The National Company Law Appellate Tribunal (NCLAT), New Delhi Bench, comprising Justice Rakesh Kumar Jain (Judicial Member) and Mr. Naresh Salecha (Technical Member), while adjudicating a Company Appeal and connected Interlocutory Application, held that once the CIRP period expired without an approved resolution plan, the Resolution Professional was legally entitled to file for liquidation with the consent of the Committee of Creditors. The Bench observed that the commercial wisdom of the CoC, even when certain members abstain from voting, is immune from judicial interference and must be respected to uphold the sanctity of the insolvency process and the objective of value maximisation enshrined in the Code.

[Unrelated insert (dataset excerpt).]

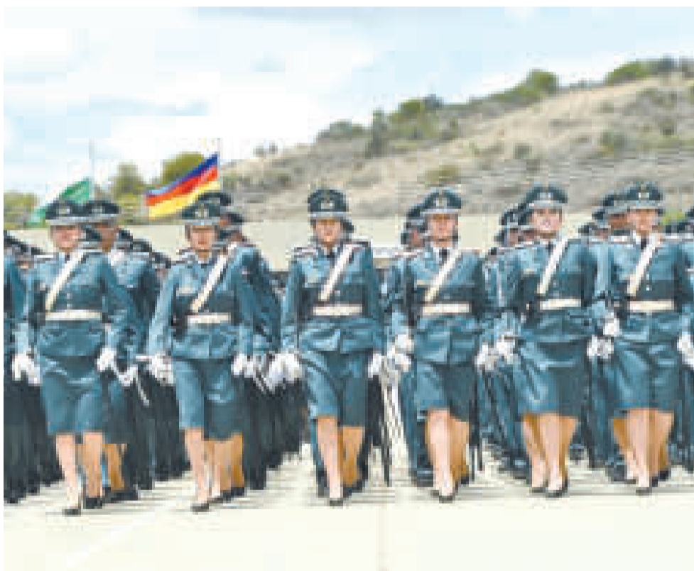
Subtenientes del Ejército, durante su paso por el paco oficial en el acto de graduación.

nía nacional. No podemos subordinarnos a geopolíticas de ningún país, ni los intereses de las oligarquías, tampoco debemos ceder a intereses imperiales del control del litio o de realizar corredores de exportación que favorezcan el Plan Capricornio para aislarnos como Estado”, remarcó Arce.

The appeal was filed by the Unsuccessful Resolution Applicant challenging the order of the National Company Law Tribunal (NCLT), Ahmedabad Bench, which allowed the Resolution Professional’s (RP) application under Section 33(2) of the Insolvency and Bankruptcy Code, 2016, for the liquidation of the Corporate Debtor. The Financial Creditor had initiated insolvency proceedings through a Section 7 application, resulting in the constitution of the Committee of Creditors (CoC) consisting solely of a single financial creditor with 100% voting rights. The RP published invitations for expression of interest from prospective resolution applicants (PRAs), including the Appellant, who submitted multiple resolution plans with increasing financial proposals. However, the CoC abstained from voting on all resolution plans, neither approving nor rejecting any, resulting in the RP filing for liquidation.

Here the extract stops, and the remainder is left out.